GIVEN DATA Start Marker

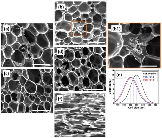 Morphological analysis of composite PUR foams was carried out using SEM microscopy (SEM, FEI ESEM Quanta 200, operating at 30 kV using different magnifications). Foams were cut in the growth direction and coated with gold using a sputter coater (model SC500, emScope-now Quorum Technologies Ltd., Laughton, UK) before imaging. Cell size distribution and average cell size were evaluated using a commercial software for image analysis (Image J). For each tested foam, 50 entire cells were chosen to assure a statistically representative determination.
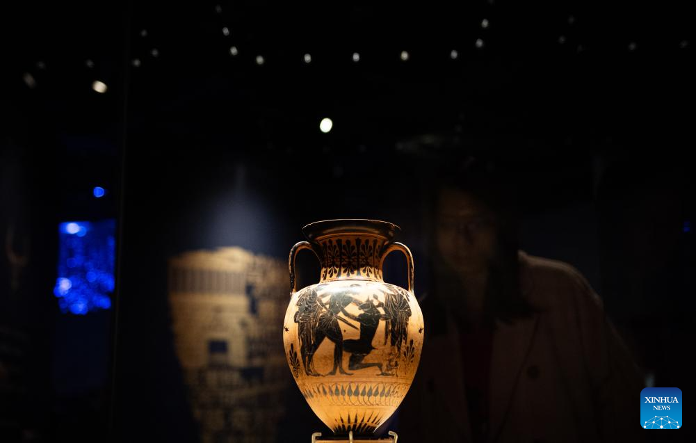This photo taken on Nov. 20, 2024 shows a painted amphora on display at the exhibition "The Greeks: Agamemnon to Alexander the Great" at Capital Museum in Beijing, capital of China. Featuring a total of 270 pieces or sets of exhibits from 14 museums across Greece, the exhibition will open to public on Nov. 21, 2024 and last till May 18, 2025. (Xinhua/Chen Zhonghao)
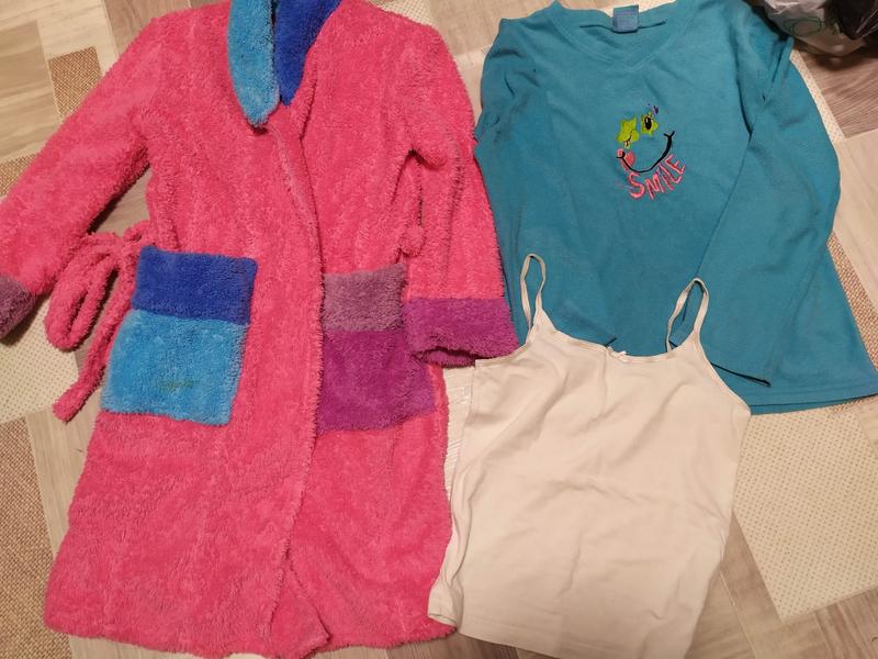 халат на рост 125-135+ длина 83 в груди 45+ рукав 46 флиска длина 56 в грудь 44 рукав 55 и маечка состояние чистое без ньюансов цена за одну вещь вам выйдет 50гр продажа только комплектом 150гр без торга! почта укр и новая
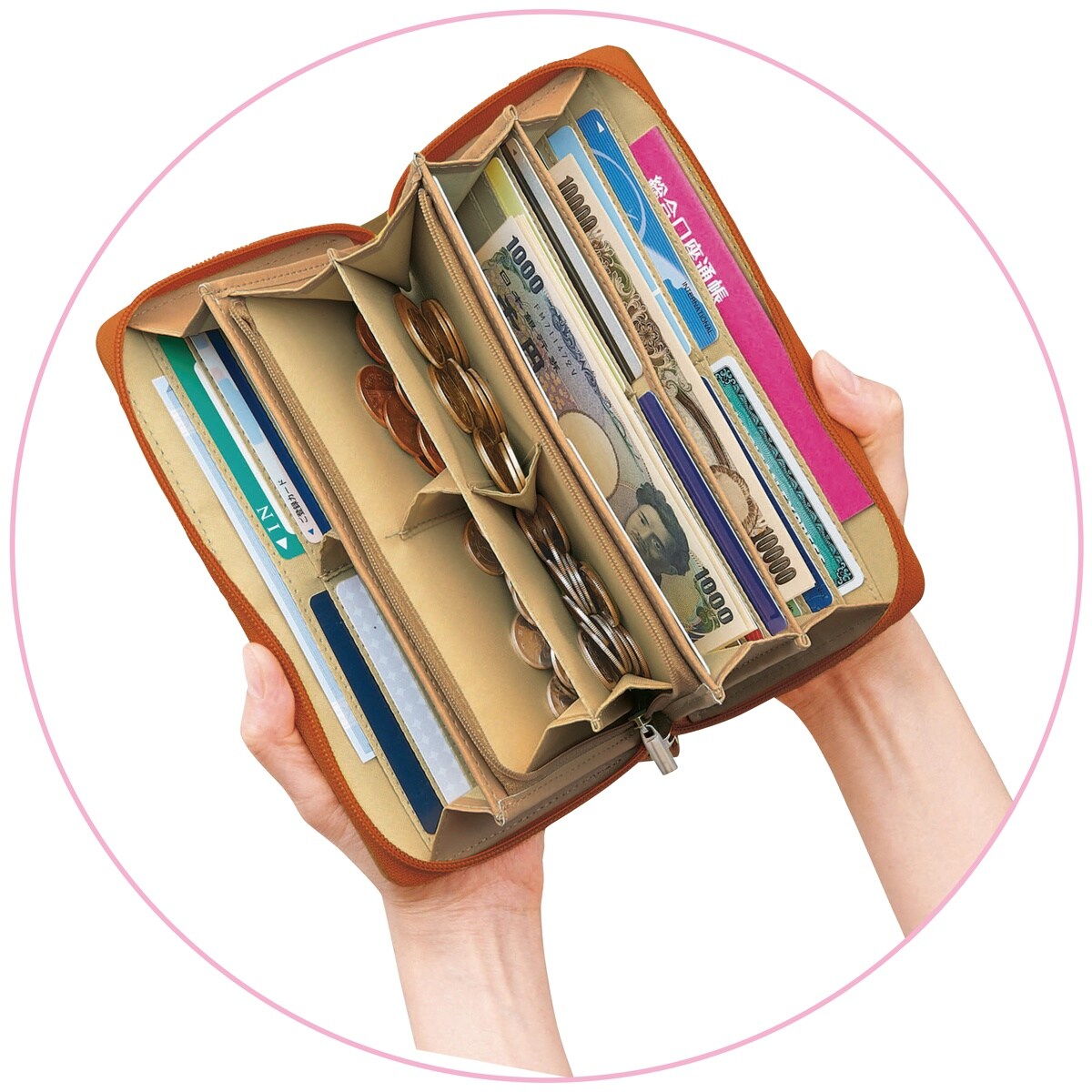 小銭もカードも通帳も、スマートフォンも入る!たっぷり仕分けて収納
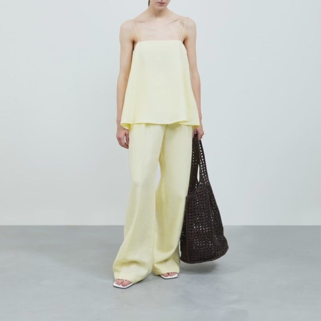 The Lou Top features a delicate, flowing silhouette with fine shoulder straps and a softly draped hem. Its minimal design evokes an effortless elegance, ideal for warm-weather dressing or layered sophistication.
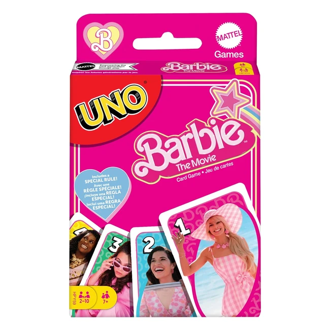 Barbie The Movie UNO Kartenspiel für Filmfans mit Lieblingscharakteren und unvergesslichen Szenen, Spezialregel, für 2-10 Spieler ab 7 Jahren
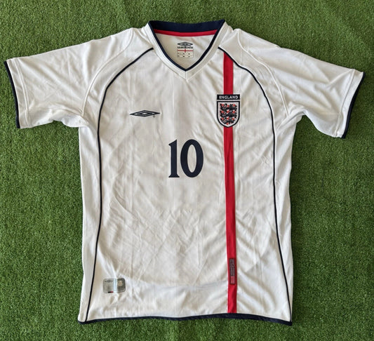 England 2001 Number 10 Retro Home Shirt Signed Michael Owen
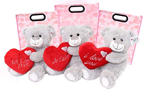 Regalo di San Valentino - Morbido orsacchiotto in peluche con cuore con ricamo "Ich Lieben Dich" + sacchetto regalo rosa "With love" - regalo per San Valentino per adulti
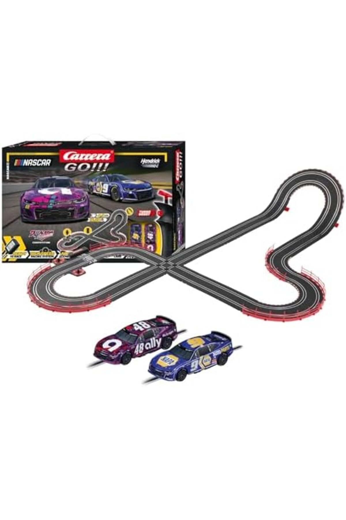Turbo düğmeli hız kumandası 1:43 ölçekli 2 adet yarış arabası Kurulduğunda 182 x 115 cm'lik alan gerektirir GO Nascar Talladega Müsabakası
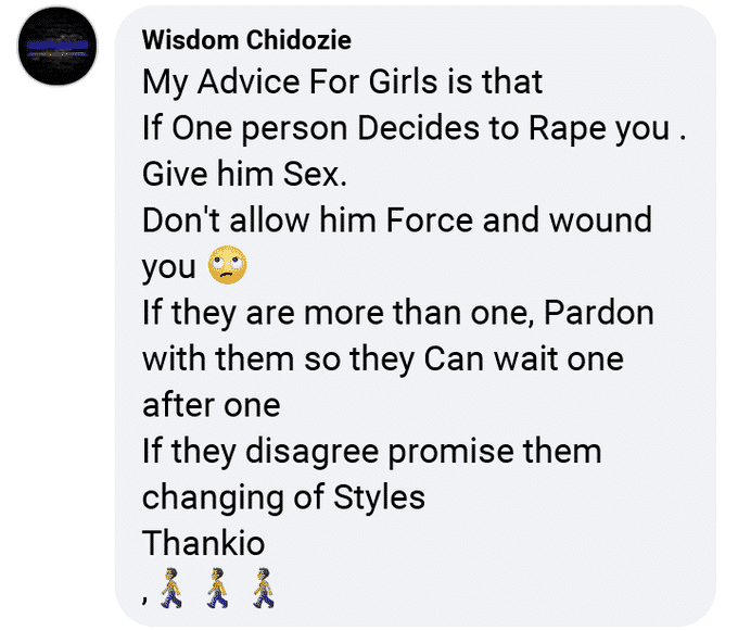 A Nigerian guy with the name, Wisdom Chidozie on Facebook has taken to his page to talk to ladies on the subject of rape.

GIVEN DATA End Marker

WHAT YOU HAVE TO DO:
Copy all records exactly, no images.

RESULT:
 Morphological analysis of composite PUR foams was carried out using SEM microscopy (SEM, FEI ESEM Quanta 200, operating at 30 kV using different magnifications). Foams were cut in the growth direction and coated with gold using a sputter coater (model SC500, emScope-now Quorum Technologies Ltd., Laughton, UK) before imaging. Cell size distribution and average cell size were evaluated using a commercial software for image analysis (Image J). For each tested foam, 50 entire cells were chosen to assure a statistically representative determination.
This photo taken on Nov. 20, 2024 shows a painted amphora on display at the exhibition "The Greeks: Agamemnon to Alexander the Great" at Capital Museum in Beijing, capital of China. Featuring a total of 270 pieces or sets of exhibits from 14 museums across Greece, the exhibition will open to public on Nov. 21, 2024 and last till May 18, 2025. (Xinhua/Chen Zhonghao)
 халат на рост 125-135+ длина 83 в груди 45+ рукав 46 флиска длина 56 в грудь 44 рукав 55 и маечка состояние чистое без ньюансов цена за одну вещь вам выйдет 50гр продажа только комплектом 150гр без торга! почта укр и новая
 小銭もカードも通帳も、スマートフォンも入る!たっぷり仕分けて収納
 The Lou Top features a delicate, flowing silhouette with fine shoulder straps and a softly draped hem. Its minimal design evokes an effortless elegance, ideal for warm-weather dressing or layered sophistication.
 Barbie The Movie UNO Kartenspiel für Filmfans mit Lieblingscharakteren und unvergesslichen Szenen, Spezialregel, für 2-10 Spieler ab 7 Jahren
 England 2001 Number 10 Retro Home Shirt Signed Michael Owen
 Regalo di San Valentino - Morbido orsacchiotto in peluche con cuore con ricamo "Ich Lieben Dich" + sacchetto regalo rosa "With love" - regalo per San Valentino per adulti
Turbo düğmeli hız kumandası 1:43 ölçekli 2 adet yarış arabası Kurulduğunda 182 x 115 cm'lik alan gerektirir GO Nascar Talladega Müsabakası
 A Nigerian guy with the name, Wisdom Chidozie on Facebook has taken to his page to talk to ladies on the subject of rape.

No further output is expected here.